[[ THE INPUT, beginning ]]
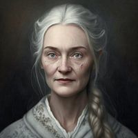 Gnade des Alters fängt ein Porträt von stiller Stärke und zeitloser Würde ein, dargestellt in sanften, naturalistischen Tönen, die sowohl Realismus als auch Ehrfurcht hervorrufen. Das Bild zeigt eine ältere Frau mit zarten, aber entschlossenen Gesichtszügen, deren silberweißes Haar ordentlich zu einem langen Zopf geflochten ist, der über ihrer Schulter liegt. Ihr Gesicht, das von sanftem, diffusem Licht beleuchtet wird, trägt die subtilen Spuren des Alters – feine Falten um die Augen, schwache Sommersprossen auf den Wangen und ein paar zarte Narben, die von einem erfüllten Leben zeugen. Ihre hellblauen Augen, lebhaft und durchdringend, scheinen einen Ozean an Weisheit, Mitgefühl und unausgesprochenen Erinnerungen zu enthalten. Sie blicken ruhig und beständig nach vorne und laden eher zum Nachdenken ein, als dass sie Aufmerksamkeit verlangen.
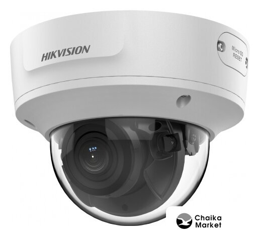 уличная проводная камера, купольная, матрица 1/2.8" CMOS, 2 МП, объектив F/1.6 2.7-13.5 мм, ИК-подсветка, интерфейс проводной, подключение микрофона, карты памяти SD
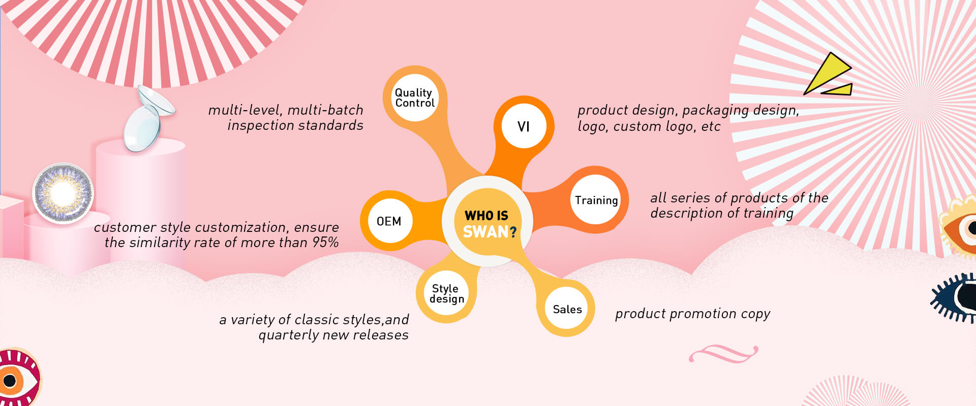 JiangSu Swan Optical Co., LTD located in DanYang, the hometown of Chinese glasses. "To provide customers with diversified solutions" is the mission of our company. Our main business is engaged in the design, innovation, and marketing for contact lenses, solution, eye drop, eye mask,eye wash and other accessories about eye care.
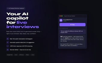 Rupert Interview, mülakatlar sırasında gerçek zamanlı transkripsiyon ve öneriler sunan bir yapay zeka asistanıdır. Chrome tarayıcısı için geliştirilmiş olan bu eklenti, kullanıcıların mülakat esnasında sorulara yanıt vermelerine yardımcı olur. Kullanıcılar, mülakat sürecini daha az stresle geçirebilmek için Rupert'ın sunduğu hızlı ve etkili yanıt önerilerini kullanabilirler. Eklenti, Google Meet, Zoom ve Microsoft Teams gibi çeşitli tarayıcı tabanlı platformlarla uyumlu çalışır ve kullanıcıların dikkatini dağıtmadan yanıtlarını vermelerine olanak tanır.
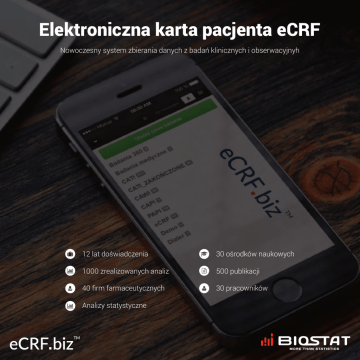 Elektroniczna karta pacjenta eCRF Nowoczesny system zbierania danych z badań klinicznych i obserwacyjnyh 12 lat doświadczenia 30 ośrodków naukowych 1000 zrealizowanych analiz 500 publikacji 40 firm farmaceutycznych 30 pracowników Analizy statystyczne Najnowocześniejsze narzędzie badawcze dla nauki i biznesu Monitorowanie liczby włączonych pacjentów oraz statystyk wyników badań Wytyczne FDA (ang. Food and Drug Administration) - zgodność z Title 21 CRF Part 11 Mailing – powiadamianie o zdarzeniach niepożądanych drogą mailową eCRF biz TM Kontrola poprawności i kompletności wpisów na etapie wprowadzania danych Aplikacja do obsługi programów badawczych Audit trail – śledzenie zmian wartości wpisów ... Data query – mechanizm zapytań do wpisów i komunikacji użytkowników 1 Łatwe, bezpieczne i szybkie pozyskiwanie wyników eCRF biz TM Dostęp z dowolnego miejsca za pomocą przeglądarki internetowej Intuicyjny, przyjazny interfejs systemu zł Obsługa administracyjno-księgowa uczestników Zalety Responsywna aplikacja webowa Audit Trail Data query Wielodostęp Randomizacja Bezpieczeństwo Kontrola poprawności i kompletności wpisów Wytyczne FDA Analizy statystyczne Przykładowe moduły i funkcje Podpowiedzi i autouzupełniania nazw leków i jednostek chorobowych (ICD 10) Statystyki i raportowania Zdarzenia niepożądane Zarządzania przesyłaniem plików multimedialnych Zastosowania eCRF biz TM Badania kliniczne dla faz I-IV Badania obserwacyjne Badania PMS i market research Rejestry medyczne Analizy/testy parametryczne i nieparametryczne Analizy korelacji, regresji Analiza czynnikowa Analiza przeżycia Kaplana-Meiera (survival analysis) Statystyki opisowe Opracowanie wyników zgodnie ze standardami czasopism Master Journal List (lista filadelfijska) Marian Płaszczyca Head of Statistics & IT [email protected] +48 666 069 834 Biostat ul. Kowalczyka 17 44-206 Rybnik (+48) 668 300 664 (+48) 22 12 28 025 (+48) 32 42 21 707 [email protected] www.biostat.com.pl Równoległe doświadczenie biznesowe i naukowe powered by:
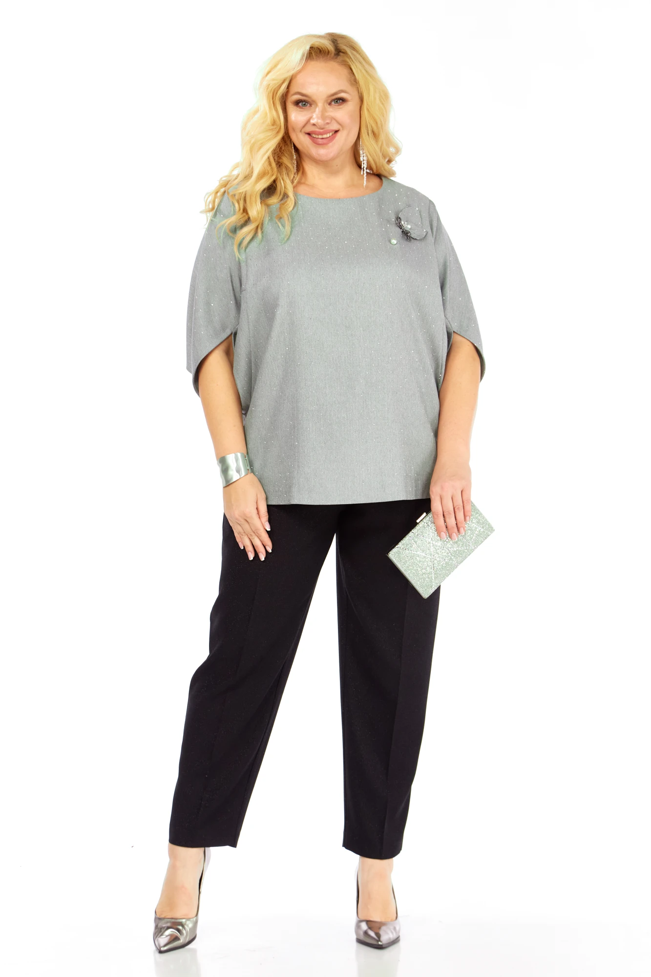 Уникальная блуза, сочетает в себе изысканный дизайн и комфорт. Прекрасно подойдет для праздничных мероприятий. Блуза полуприлегающего кроя из ткани на поверхности которой присутствует легкое элегантное мерцание кристаллов. Горловина аккуратной округлой формы. Эффектные рукава с фантазийным решением — усиливают модный акцент и придают дополнительный шарм. Декоративным элементом является съемная дизайнерская брошь.
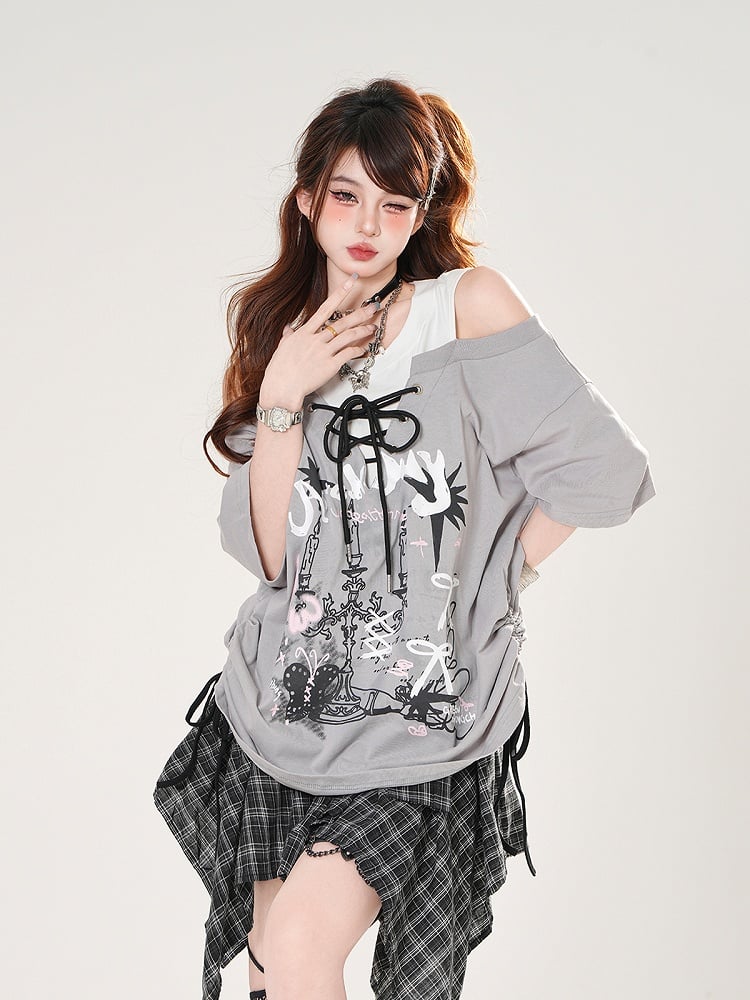 Schwarz/Graues T-Shirt mit Kerzenständer-Print und Schnürung vorne
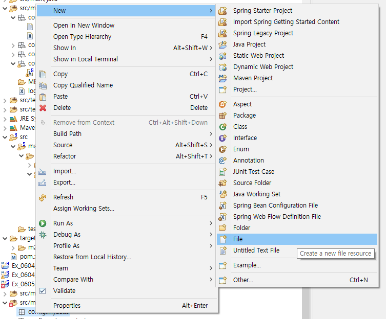 2. 1) src/main/resource 폴더에서 config.spring.context 패키지를 만든다. 이때 패키지명은 꼭 config.spring.context가 아니어도 된다.
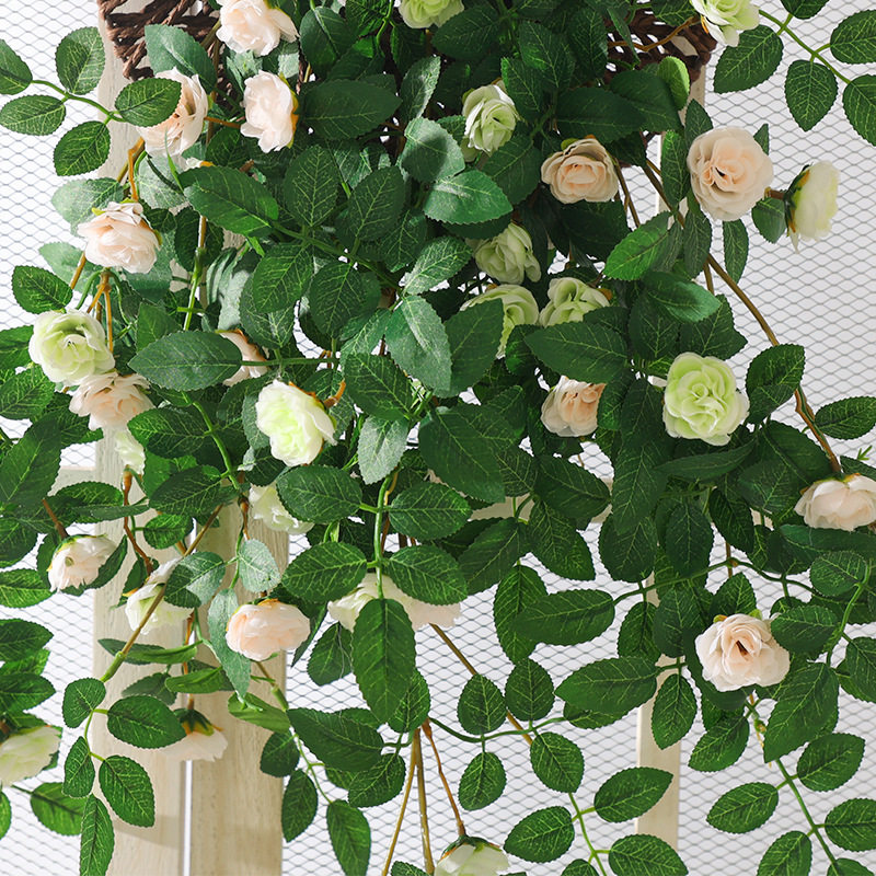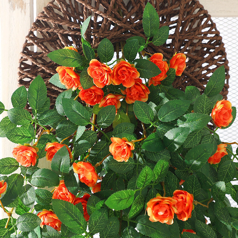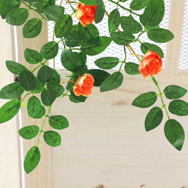 仿真蔷薇花墙面垂吊假花玫瑰藤蔓绿植塑料壁挂花装饰阳台植物室内
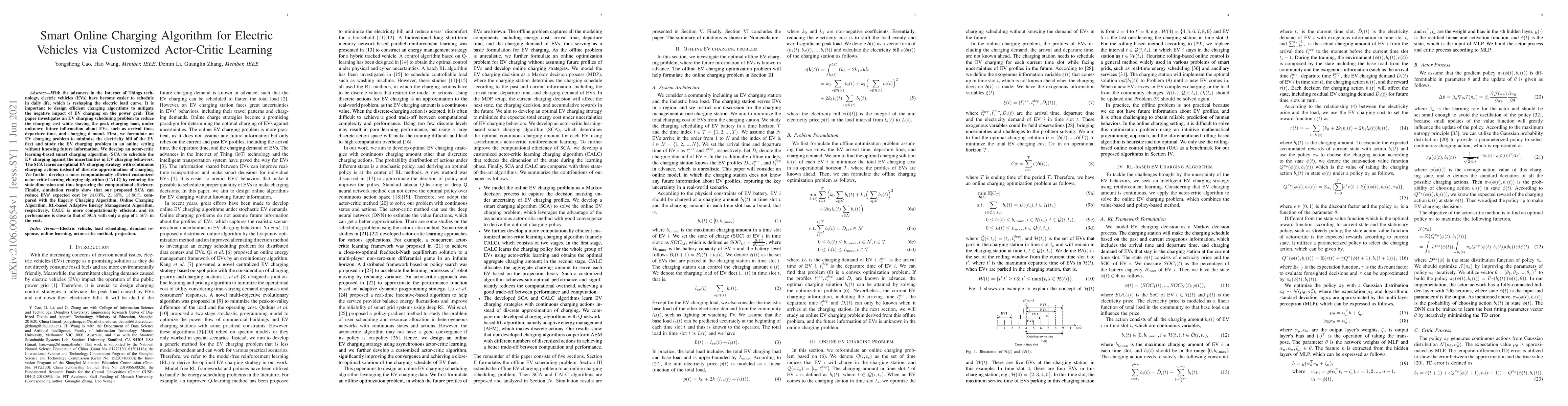 This paper proposes an actor-critic learning-based smart charging algorithm (SCA) to optimize electric vehicle (EV) charging schedules, minimizing costs and peak load while handling uncertainties. A customized actor-critic learning charging algorithm (CALC) is developed for improved efficiency, showing comparable performance with a 5.56% cost gap to SCA.
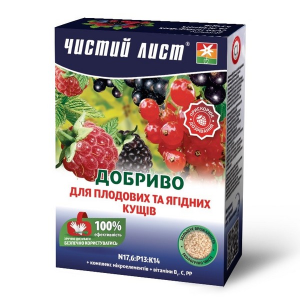 Чистий лист для плодових та ягідних – забезпечує рослину повноцінним харчуванням, компенсує дефіцит макро та мікроелементів, підвищує опірність хворобам, гнилам та переохолодженню.
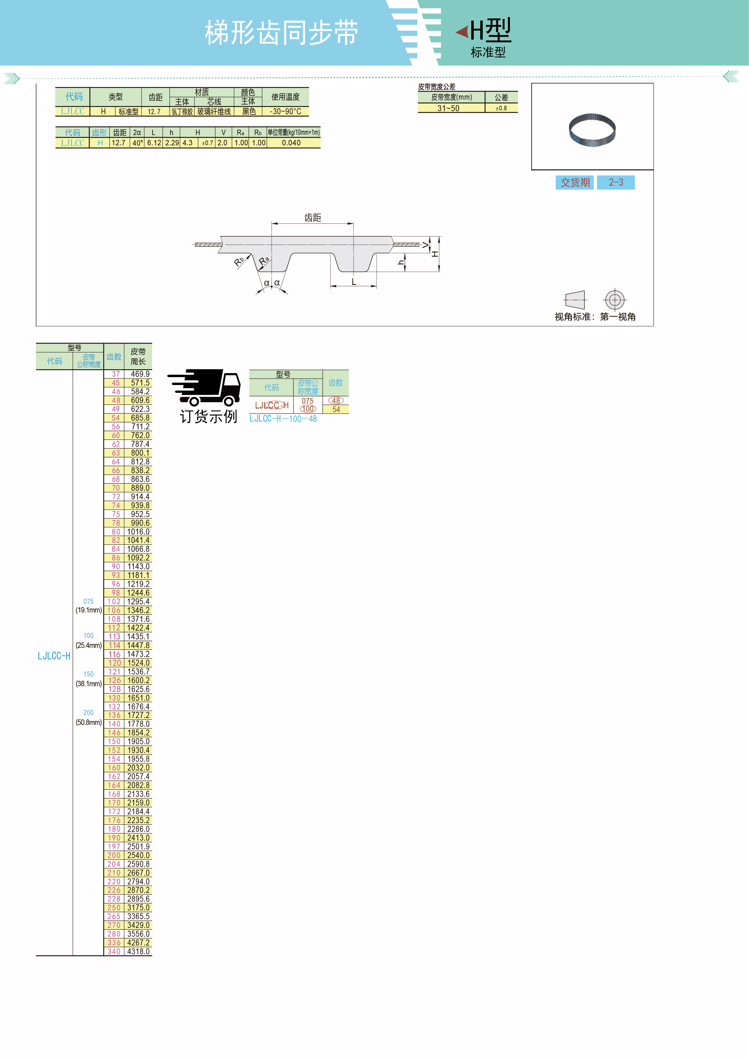 梯形齿同步带 标准型 H型 氯丁橡胶玻璃纤维线 黑色
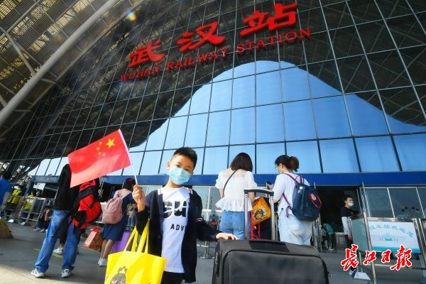10月1日,武汉火车站,出行的市民。 记者李子云 摄
[[ THE INPUT, end ]]
▸ TASK TO COMPLETE: Retype the data in full. Images do not go in the copy.

▸ TASK ANSWER:
 Gnade des Alters fängt ein Porträt von stiller Stärke und zeitloser Würde ein, dargestellt in sanften, naturalistischen Tönen, die sowohl Realismus als auch Ehrfurcht hervorrufen. Das Bild zeigt eine ältere Frau mit zarten, aber entschlossenen Gesichtszügen, deren silberweißes Haar ordentlich zu einem langen Zopf geflochten ist, der über ihrer Schulter liegt. Ihr Gesicht, das von sanftem, diffusem Licht beleuchtet wird, trägt die subtilen Spuren des Alters – feine Falten um die Augen, schwache Sommersprossen auf den Wangen und ein paar zarte Narben, die von einem erfüllten Leben zeugen. Ihre hellblauen Augen, lebhaft und durchdringend, scheinen einen Ozean an Weisheit, Mitgefühl und unausgesprochenen Erinnerungen zu enthalten. Sie blicken ruhig und beständig nach vorne und laden eher zum Nachdenken ein, als dass sie Aufmerksamkeit verlangen.
 уличная проводная камера, купольная, матрица 1/2.8" CMOS, 2 МП, объектив F/1.6 2.7-13.5 мм, ИК-подсветка, интерфейс проводной, подключение микрофона, карты памяти SD
 JiangSu Swan Optical Co., LTD located in DanYang, the hometown of Chinese glasses. "To provide customers with diversified solutions" is the mission of our company. Our main business is engaged in the design, innovation, and marketing for contact lenses, solution, eye drop, eye mask,eye wash and other accessories about eye care.
 Rupert Interview, mülakatlar sırasında gerçek zamanlı transkripsiyon ve öneriler sunan bir yapay zeka asistanıdır. Chrome tarayıcısı için geliştirilmiş olan bu eklenti, kullanıcıların mülakat esnasında sorulara yanıt vermelerine yardımcı olur. Kullanıcılar, mülakat sürecini daha az stresle geçirebilmek için Rupert'ın sunduğu hızlı ve etkili yanıt önerilerini kullanabilirler. Eklenti, Google Meet, Zoom ve Microsoft Teams gibi çeşitli tarayıcı tabanlı platformlarla uyumlu çalışır ve kullanıcıların dikkatini dağıtmadan yanıtlarını vermelerine olanak tanır.
 Elektroniczna karta pacjenta eCRF Nowoczesny system zbierania danych z badań klinicznych i obserwacyjnyh 12 lat doświadczenia 30 ośrodków naukowych 1000 zrealizowanych analiz 500 publikacji 40 firm farmaceutycznych 30 pracowników Analizy statystyczne Najnowocześniejsze narzędzie badawcze dla nauki i biznesu Monitorowanie liczby włączonych pacjentów oraz statystyk wyników badań Wytyczne FDA (ang. Food and Drug Administration) - zgodność z Title 21 CRF Part 11 Mailing – powiadamianie o zdarzeniach niepożądanych drogą mailową eCRF biz TM Kontrola poprawności i kompletności wpisów na etapie wprowadzania danych Aplikacja do obsługi programów badawczych Audit trail – śledzenie zmian wartości wpisów ... Data query – mechanizm zapytań do wpisów i komunikacji użytkowników 1 Łatwe, bezpieczne i szybkie pozyskiwanie wyników eCRF biz TM Dostęp z dowolnego miejsca za pomocą przeglądarki internetowej Intuicyjny, przyjazny interfejs systemu zł Obsługa administracyjno-księgowa uczestników Zalety Responsywna aplikacja webowa Audit Trail Data query Wielodostęp Randomizacja Bezpieczeństwo Kontrola poprawności i kompletności wpisów Wytyczne FDA Analizy statystyczne Przykładowe moduły i funkcje Podpowiedzi i autouzupełniania nazw leków i jednostek chorobowych (ICD 10) Statystyki i raportowania Zdarzenia niepożądane Zarządzania przesyłaniem plików multimedialnych Zastosowania eCRF biz TM Badania kliniczne dla faz I-IV Badania obserwacyjne Badania PMS i market research Rejestry medyczne Analizy/testy parametryczne i nieparametryczne Analizy korelacji, regresji Analiza czynnikowa Analiza przeżycia Kaplana-Meiera (survival analysis) Statystyki opisowe Opracowanie wyników zgodnie ze standardami czasopism Master Journal List (lista filadelfijska) Marian Płaszczyca Head of Statistics & IT [email protected] +48 666 069 834 Biostat ul. Kowalczyka 17 44-206 Rybnik (+48) 668 300 664 (+48) 22 12 28 025 (+48) 32 42 21 707 [email protected] www.biostat.com.pl Równoległe doświadczenie biznesowe i naukowe powered by:
 Уникальная блуза, сочетает в себе изысканный дизайн и комфорт. Прекрасно подойдет для праздничных мероприятий. Блуза полуприлегающего кроя из ткани на поверхности которой присутствует легкое элегантное мерцание кристаллов. Горловина аккуратной округлой формы. Эффектные рукава с фантазийным решением — усиливают модный акцент и придают дополнительный шарм. Декоративным элементом является съемная дизайнерская брошь.
 Schwarz/Graues T-Shirt mit Kerzenständer-Print und Schnürung vorne
 2. 1) src/main/resource 폴더에서 config.spring.context 패키지를 만든다. 이때 패키지명은 꼭 config.spring.context가 아니어도 된다.
 仿真蔷薇花墙面垂吊假花玫瑰藤蔓绿植塑料壁挂花装饰阳台植物室内
 This paper proposes an actor-critic learning-based smart charging algorithm (SCA) to optimize electric vehicle (EV) charging schedules, minimizing costs and peak load while handling uncertainties. A customized actor-critic learning charging algorithm (CALC) is developed for improved efficiency, showing comparable performance with a 5.56% cost gap to SCA.
 Чистий лист для плодових та ягідних – забезпечує рослину повноцінним харчуванням, компенсує дефіцит макро та мікроелементів, підвищує опірність хворобам, гнилам та переохолодженню.
 梯形齿同步带 标准型 H型 氯丁橡胶玻璃纤维线 黑色
10月1日,武汉火车站,出行的市民。 记者李子云 摄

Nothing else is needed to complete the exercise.